Laut einer Studie von Plastics Europe, einer der führenden europäischen Wirtschaftsverbände, wurden in Europa im Jahr 2008 rund 48,5 Millionen Tonnen Plastik verbraucht. Dabei werden 6% im Bereich Elektrik/Elektronik verwendet, 7% im Automobilsektor, 21% im Bauwesen und 28% im Bereich Freizeit und Medizin. Spitzenreiter ist mit 38% der Bereich Verpackungen. Gefolgt von Italien und Frankreich ist Deutschland mit 11,5 Millionen Tonnen der größte europäische Markt für Kunststoffe.

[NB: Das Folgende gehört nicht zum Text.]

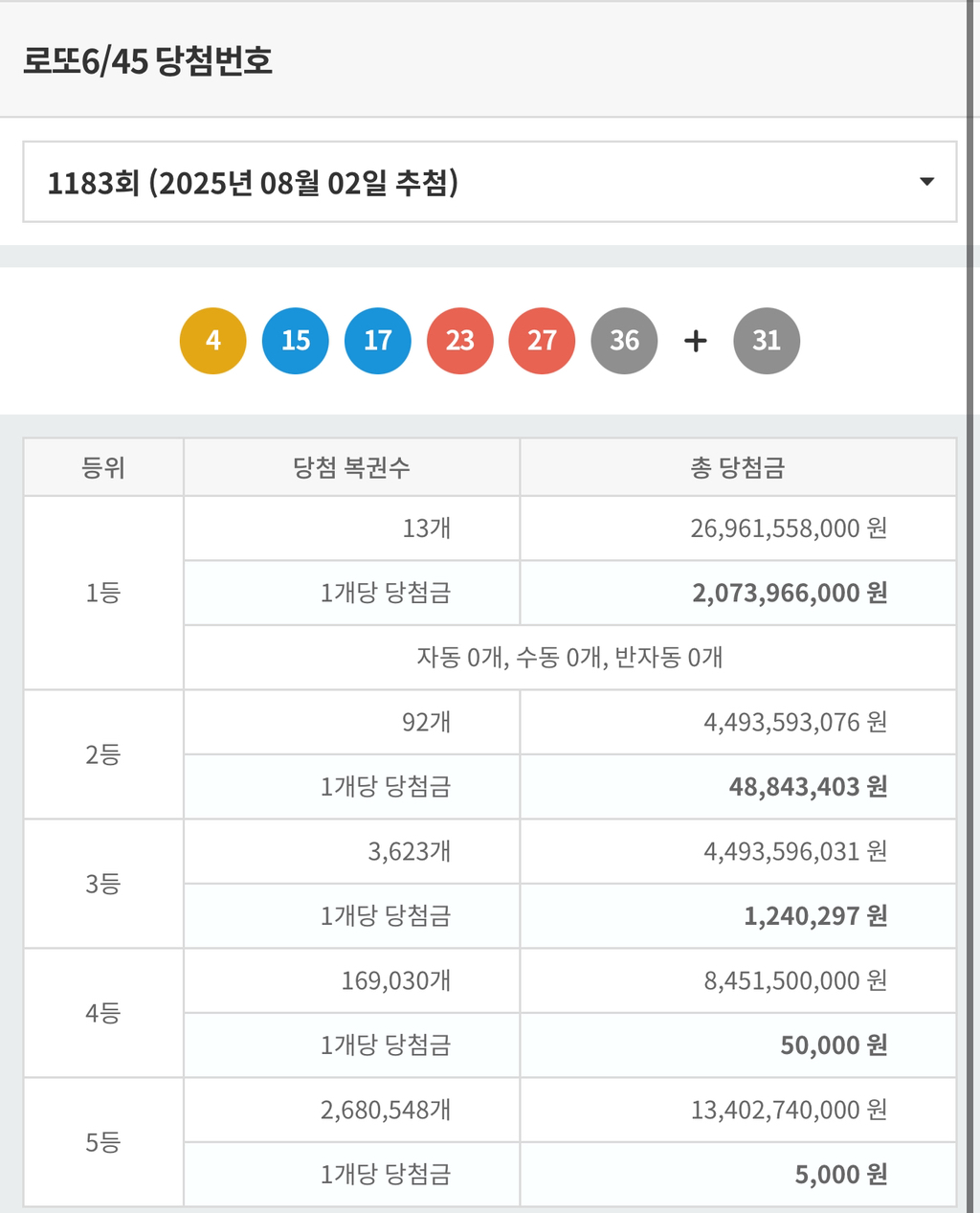 樂soccer 로또 1183회차 당첨번호. 1등 당첨금 20억7천만원 작성시간25.08.02|조회수7,853 목록 댓글 10 글자크기 작게가 글자크기 크게가 다음검색 현재 게시글 추가 기능 열기 북마크 공유하기 신고 센터로 신고 댓글 10 댓글 리스트 작성시간 25.08.02 1등 자동 수동 반자동 다 0개 무슨 말이지? 답댓글 작성시간 25.08.02 업데이트전 이미지 확대 답댓글 작성시간 25.08.02 오 글쿤요 작성시간 25.08.02 나다 작성시간 25.08.02 와 평소에 안 찍는 번호만 나왔네안 사길 잘함 카페 방문해 더 많은 댓글 만나기!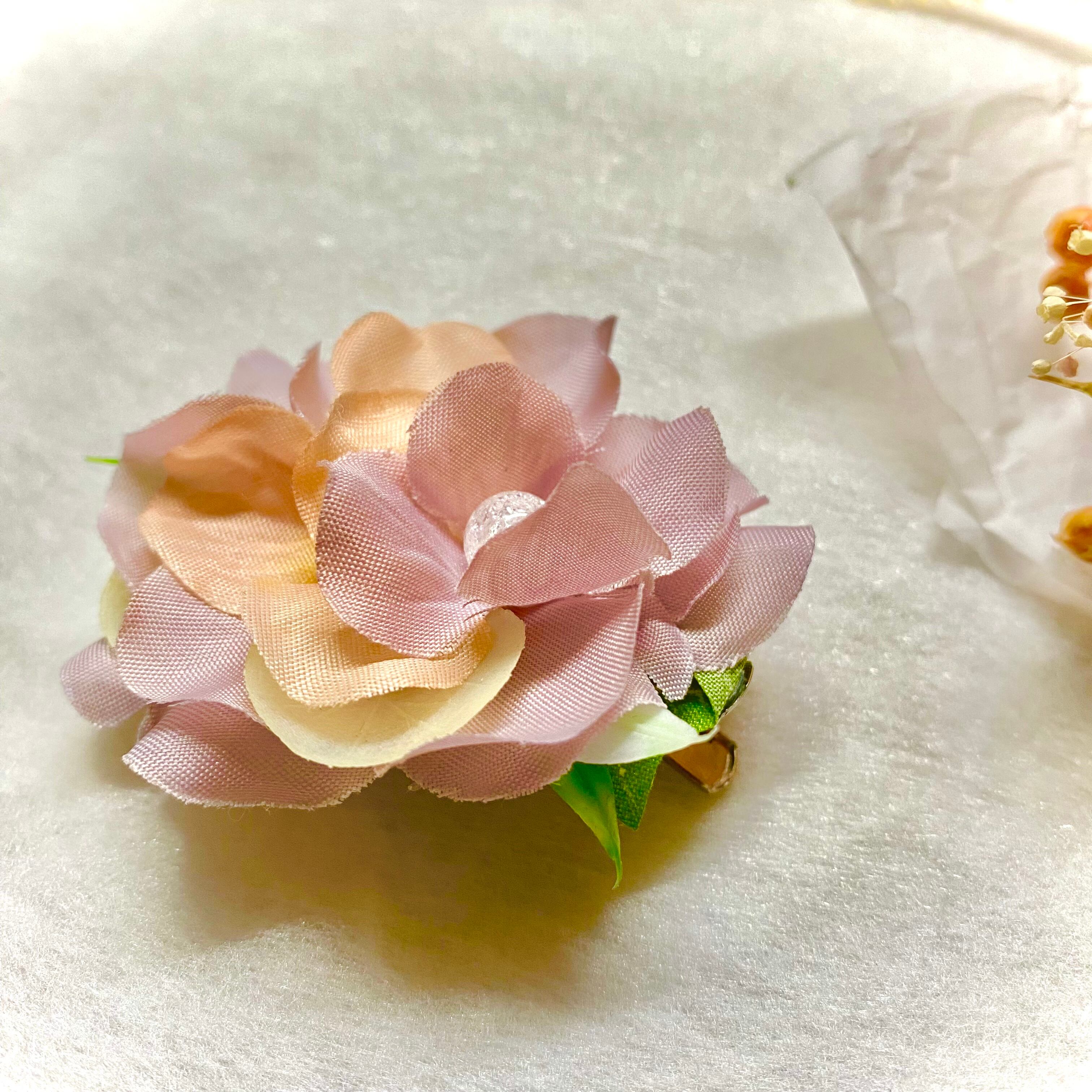 裏はブローチピンの付いたクリップになっていますので、ヘアーコサージュ、バッグコサージュ、スカーフ留めなど、色んな用途に使って頂けます。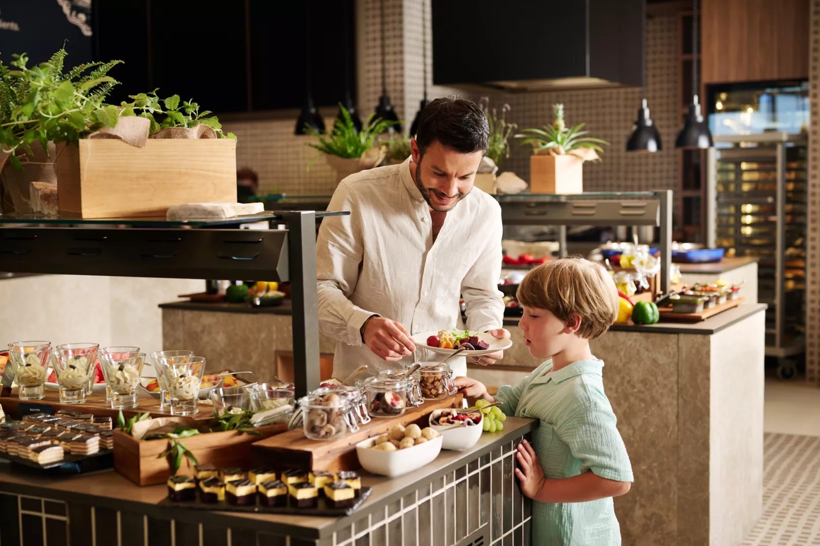 plná penzia formou bufetových stolov • poobedný snack • nealkoholické nápoje z automatu, horúce nápoje, pivo a víno počas obeda a večere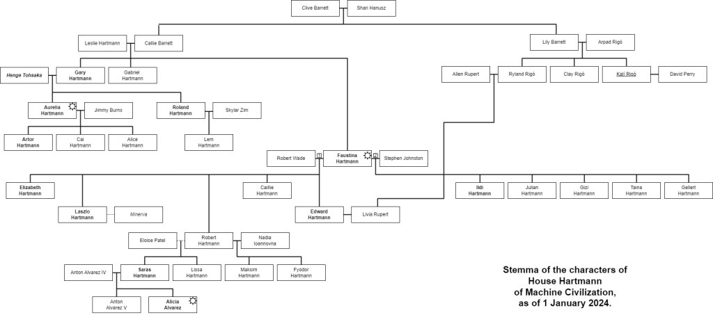 I had someone ask, “Who are all these people?” So, much like Reading Order, I thought I’d pin a post showing a simplified family tree of the Hartmann and Rigó branches, with a side mention of some of the Thinking Machines.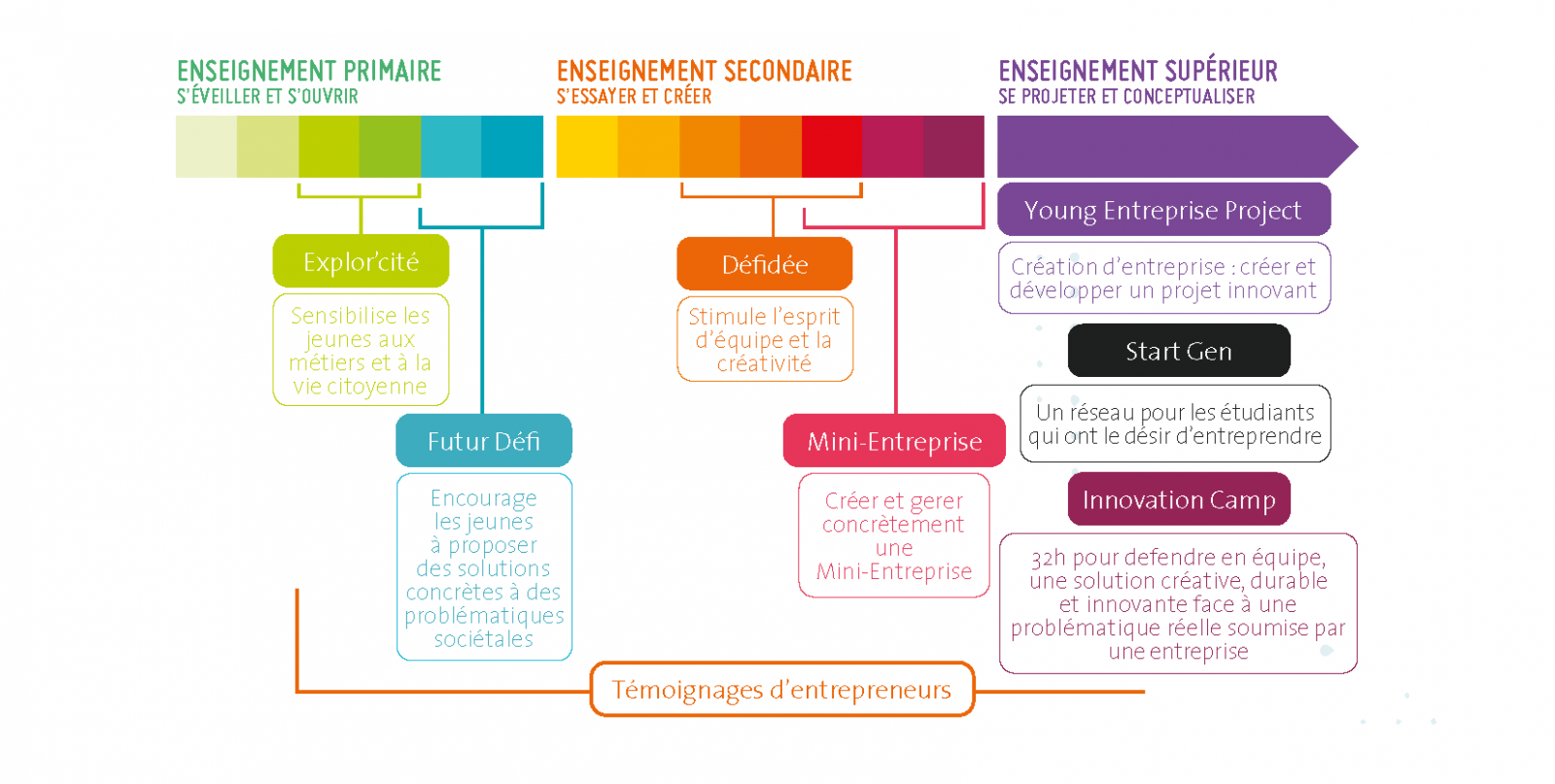 Pour que ces apprentissages soient durables, LJE considère qu’une approche des notions entrepreneuriales doit être proposée dès le plus jeune âge et poursuivie tout au long de leur scolarité. Cela commence dès l’école primaire pour se poursuivre jusqu'à la création de sa propre Start'Up.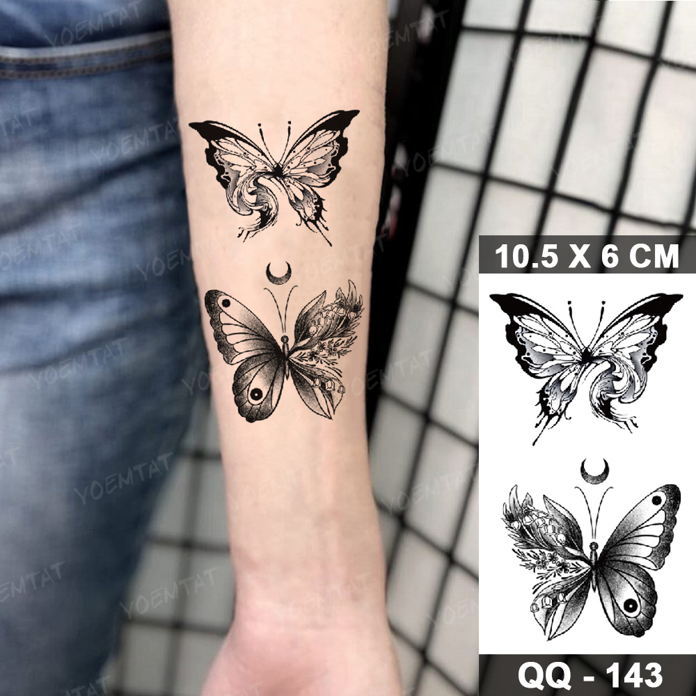 Sdrawing Temporary Tattoo Stickers Butterfly Flower Realistic Sexy Flash Tatoo Women Men Arm Waist Line Body Art Fake Tatto Cool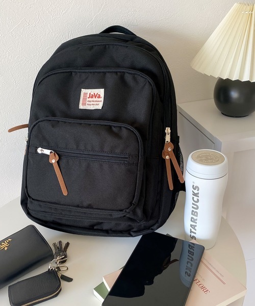 スタイリッシュなデザインでありながら、外ポケットやサイドポケットが付いているため、収納力が高く魅力的です。ノートや教科書だけでなく、小物もしっかりと収納することができます。さらに、背面にファスナーがついているため、出し入れが簡単で便利です。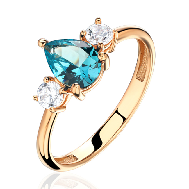 Кольцо из красного золота 585 пробы с наноситал турмалином и фианитами 01К2115337-5
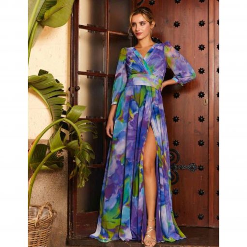 Vestido largo, estampado de cuello de pico cruzado, escote trasero en pico, mangas 3/4, sueltas. Incluye lazada para la cintura. Cierre de cremallera invisible lateral. Se hace desde la talla 38 hasta la 50.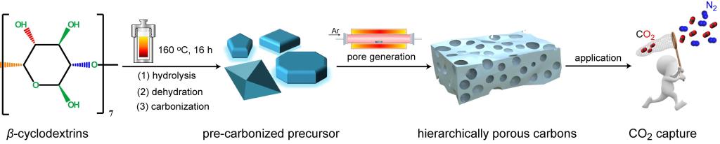 近日,365官网联合培养硕士研究生张耀飞以第一作者的身份在知名期刊《Journal ofCO₂Utilization》(中科院SCI期刊分区二区,2022年影响因子:8.321)发表了关于规则设计多级孔炭基CO₂捕获剂材料的最新研究成果,论文题为“Rational design of β-cyclodextrins-derived hierarchically porous carbon forCO₂capture: The roles of surface chemistry and porosity onCO₂capture.”(全文链接 doi:10.1016/j.jcou.2022.102244)。该文章是以365官网和河南科技大学共同为署名单位,365官网指导老师常彬彬,杨保成教授以及河南科技大学赵爽副教授为共同通讯作者。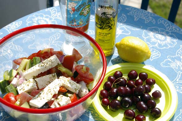 Miten tomaatit voivatkaan olla niin meheviä ja sipulit makeita. Söimme tavernoissa, mutta kokeilimme myös omatoimista kokkailua. Pienessä perhehotellissamme oli keittonurkkaus ja jääkaappi. Otsikkokuvassa on itse tehty kreikkalainen salaatti, joka maistui rantahiekalla kylmän valkoviinin kera kerrassaan herkulliselta.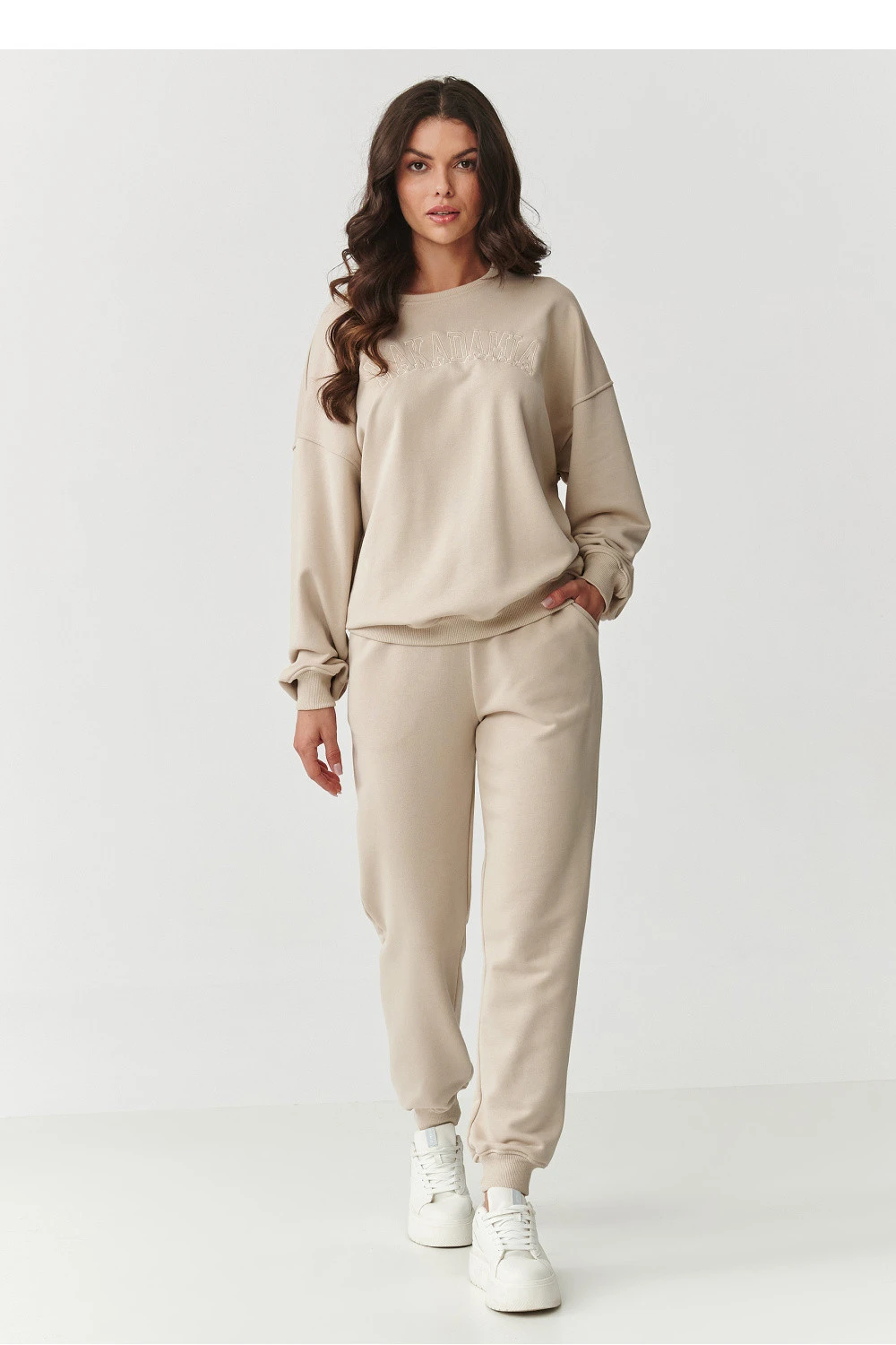 Stylový teplákový set pro ženy, který kombinuje moderní design s výjimečným pohodlím. Vyrobený z vysoce kvalitní látky z 95% bavlny a 5% elastanu, zajistí měkkost, pružnost a ideální přizpůsobení postavě. Jedná se o skvělou volbu do každodenního života, hodí se doma, při procházkách, nákupech nebo víkendovém odpočinku. Hlavním prvkem tohoto setu je vyšívaná aplikace s logem značky na přední straně mikiny, která mu dodává originální charakter a módní výraz. Mikina má volnější střih s obnovenou linií ramen a je zakončena pohodlnými lemy na rukávech a dole, co jí dodává ležérní styl. Kulatý výstřih je také ukončen decentním lemem, co zdůrazňuje jeho nadčasovost. Kalhoty mají elastický pas a lemy na nohavicích, díky čemuž se skvěle drží na postavě a zajišťují pohodlí po celý den. Tento teplákový set je ideálním spojením funkčnosti a stylu. Hodí se jak jako set, tak samostatně. Univerzální střih padne k mnoha příležitostem a zaručuje volnost pohybu bez kompromisů. Vsadte na kvalitu, pohodlí a módní detail a vyberte si teplákový set s vyšívanou aplikací, který zdůrazní Váš styl každý den!

Die meisten Verpackungsmaterialien werden nur einmal verwendet und entsprechend schnell entsorgt. Zwar ist die Verwertungsquote von Kunststoff seit den 90er Jahren deutlich gestiegen, alarmierend ist jedoch, dass sich der Anteil von mehrmals verwendbaren Verpackungen, z.B. für Getränke oder Joghurt, extrem verringert hat. Bei Mineralwasser hat sich der Mehrweganteil von 91% im Jahr 1993 auf 47% im Jahr 2007 verringert. Insgesamt ging der Anteil der Mehrwegverpackungen von Getränken in diesem Zeitraum von 74% auf 47% zurück.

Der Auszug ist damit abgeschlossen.